Nalikera/Karikkin kwatha mentioned in Vaidyatarakam textbook is a Putapaka kwatha. It is a decoction prepared in Nalikera phala (fruit of Cocos nucifera Linn.), indicated in Samanya Visarpa Cikitsa. It is effective in 18 types of Karappan [17]. As two types of Mukkudi preparations are seen in classics, Mukkudi can be included under Pramathyakalpana as well as Takrakalpana. Administration of Mukkudi in diseases like Udara (∼ascitis), Arsha (∼haemorrhoids), [A.K.D 6/24-29] Grahani (∼IBS), Athisara (∼diarrhoea), Apasmara (∼convulsion disorder), and Visarpa [V.T 14/9-19] is a speciality of Keraleeya cikitsa.

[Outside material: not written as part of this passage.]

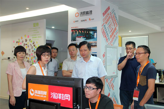 在考察中,賴?yán)^秋副市長通過環(huán)球鞋網(wǎng)、淘鞋網(wǎng)宣傳視頻以及淘鞋網(wǎng)實時銷售展示系統(tǒng)等,充分了解了訊網(wǎng)科技的電子商務(wù)服務(wù)模式。賴?yán)^秋副市長說,龍巖是革命老區(qū),不僅有著深厚的文化歷史底蘊(yùn),近些年來的經(jīng)濟(jì)發(fā)展也同樣令人矚目。隨著互聯(lián)網(wǎng)時代的到來,龍巖的電子商務(wù)也在發(fā)展,但規(guī)模小,較為零散,沒有形成產(chǎn)業(yè)集群優(yōu)勢和良好的電商氛圍,龍巖林竹、茶業(yè)、薯業(yè)等六大重點產(chǎn)業(yè)和蘭花、漳平水仙、咸酥花生等七大特色產(chǎn)品,仍有很大“走出去”的空間。此次來訪,訊網(wǎng)科技在聚合產(chǎn)業(yè)資源優(yōu)勢,引領(lǐng)傳統(tǒng)鞋企運用電子商務(wù)的模式進(jìn)行業(yè)務(wù)拓展上取得的成果讓人印象深刻,這種模式值得龍巖借鑒。
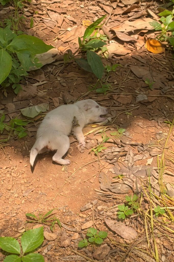 The small white puppy lay motionless on a patch of dry leaves, his body barely rising with each shallow breath. He was so fragile, so still, that it would have been easy to walk past without realizing a life was fading right there on the ground.

Bhasma kanji, a modified Anna kalpana is indicated in shopha (oedema) [A.K.D 8/106]. In Varattu kwatha mentioned in Vaidyataraka textbook, kalka of certain drugs are pasted on some leaves. It is folded and again covered with banana leaves and roasted in fire. Certain metals like gold are rubbed in the swarasa obtained from above preparation and administered in fever, cough and chest congestion [V.T 9/124-131]. Adappu kashaya is also a similar prayoga mentioned in the same text [V.T 9/124-131]. Ajamodadi Varavu kwatha is an example of Varavu Kwatha mentioned in Parambarya Bala cikitsa [18].
Some exclusive types of Tailas like Rasataila [A.K.D 17/59-61], Shashtikataila [A.K.D 17/89-95], Muttathaila [V.T 20/109-114], Bhunagaditaila [19] Panthataila/Eritaila, [V.T 40/137-144] Kukkudataila [V.T 40/123-137] were also practised commonly. Thambula bhasma, is a Putapaka preparation administered in Shula (pain) [A.K.D 8/25-26].

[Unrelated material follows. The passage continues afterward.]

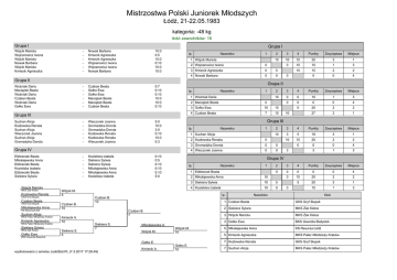 Mistrzostwa Polski Juniorek Młodszych Łódź, 21-22.05.1983 kategoria: -48 kg ilość zawodników: 16 Grupa I Grupa I Wójcik Mariola Wojnarowicz Iwona Wójcik Mariola Nowak Barbara Wójcik Mariola Kmiecik Agnieszka - Nowak Barbara Kmiecik Agnieszka Kmiecik Agnieszka Wojnarowicz Iwona Wojnarowicz Iwona Nowak Barbara 10:0 0:5 10:0 0:10 10:0 10:0 lp. Nazwisko 1 1 Wójcik Mariola - Czaban Beata Gołko Ewa Gołko Ewa Maciążek Beata Maciążek Beata Czaban Beata - Wieczorek Joanna Gromadzka Dorota Gromadzka Dorota Kozłowska Renata Kozłowska Renata Wieczorek Joanna Wójcik Mariola MKS Żak Kielce Kozłowska Renata GKS Gryf Słupsk Czaban Beata GKS Gryf Słupsk Mikołajewska Anna KS Resursa Łódź Suchan Alicja MKS Pałac Młodzieży Kraków Kmiecik Agnieszka MKS Pałac Młodzieży Kraków Siekiera Sylwia MKS Żak Kielce Gołko Ewa BKS Gwardia Białystok - Wójcik M. 5 Czaban B. 10 Kmiecik A. 10 Siekiera S. 5 wydrukowano z serwisu JudoStat.PL (7.3.2017 17:29.49) Kmiecik A. 10 1 3 10 15 2 2 0 0 4 4 Nowak Barbara 0 0 Nazwisko 1 0 2 3 4 Punkty Zwycięstwa Miejsce 10 0 0 10 1 3 0 0 0 0 4 0 20 2 2 27 3 1 4 Punkty Zwycięstwa Miejsce 3 5 18 3 1 10 10 20 2 2 0 0 0 4 3 1 3 2 Maciążek Beata 0 3 Gołko Ewa 10 10 4 Czaban Beata 7 10 Nazwisko 1 1 Suchan Alicja 2 10 2 Kozłowska Renata 0 3 Gromadzka Dorota 0 0 4 Wieczorek Joanna 0 0 10 3 3 Grupa IV lp. Nazwisko 1 1 Elżbieciak Beata Czaban B. 7 Gołko E. 10 5 Wójcik M. 10 Gołko E. 10 2 3 4 Punkty Zwycięstwa Miejsce 0 0 0 0 0 4 0 10 20 2 2 5 20 3 1 10 1 3 2 Mikołajewska Anna 10 3 Siekiera Sylwia 10 5 4 Kozielska Izabela 10 0 lp. Wójcik M. 1 0 Grupa III 0:10 0:5 0:10 0:10 0:10 5:0 Mikołajewska A. Miejsce 3 0 lp. Czaban B. 10 Siekiera S. 7 Zwycięstwa 30 3 Kmiecik Agnieszka 1 Woźniak Daria 5:0 10:0 3:0 0:10 10:0 0:3 Kozielska Izabela Siekiera Sylwia Siekiera Sylwia Mikołajewska Anna Mikołajewska Anna Kozielska Izabela Punkty 0 lp. Grupa IV Elżbieciak Beata Mikołajewska Anna Elżbieciak Beata Kozielska Izabela Elżbieciak Beata Siekiera Sylwia 4 10 Grupa II 0:7 0:10 0:10 10:0 10:0 0:10 Grupa III Suchan Alicja Kozłowska Renata Suchan Alicja Wieczorek Joanna Suchan Alicja Gromadzka Dorota 3 10 2 Wojnarowicz Iwona Grupa II Woźniak Daria Maciążek Beata Woźniak Daria Czaban Beata Woźniak Daria Gołko Ewa 2 10 0 Nazwisko Klub 1 Czaban Beata GKS Gryf Słupsk 2 Siekiera Sylwia MKS Żak Kielce 3 Wójcik Mariola MKS Żak Kielce 3 Gołko Ewa BKS Gwardia Białystok 5 Mikołajewska Anna KS Resursa Łódź 5 Kmiecik Agnieszka MKS Pałac Młodzieży Kraków 7 Kozłowska Renata GKS Gryf Słupsk 7 Suchan Alicja MKS Pałac Młodzieży Kraków

Many of the commonly and widely practiced yogas like Dhanwantharam gutika, Swasanandham gutika are the contributions of old Balacikitsa textbooks.
Kriyakrama (Special Therapeutic procedures): Some of the kriyakrama practised commonly in children are Uzhinh Kulippikal (Abyanga before taking bath), Thalapothichil/Sirolepa (covering scalp with medicaments) and different types of Dhara (Table 2).
Table 2.
Certain kriyakrama practised in Keraleeya Balacikitsa.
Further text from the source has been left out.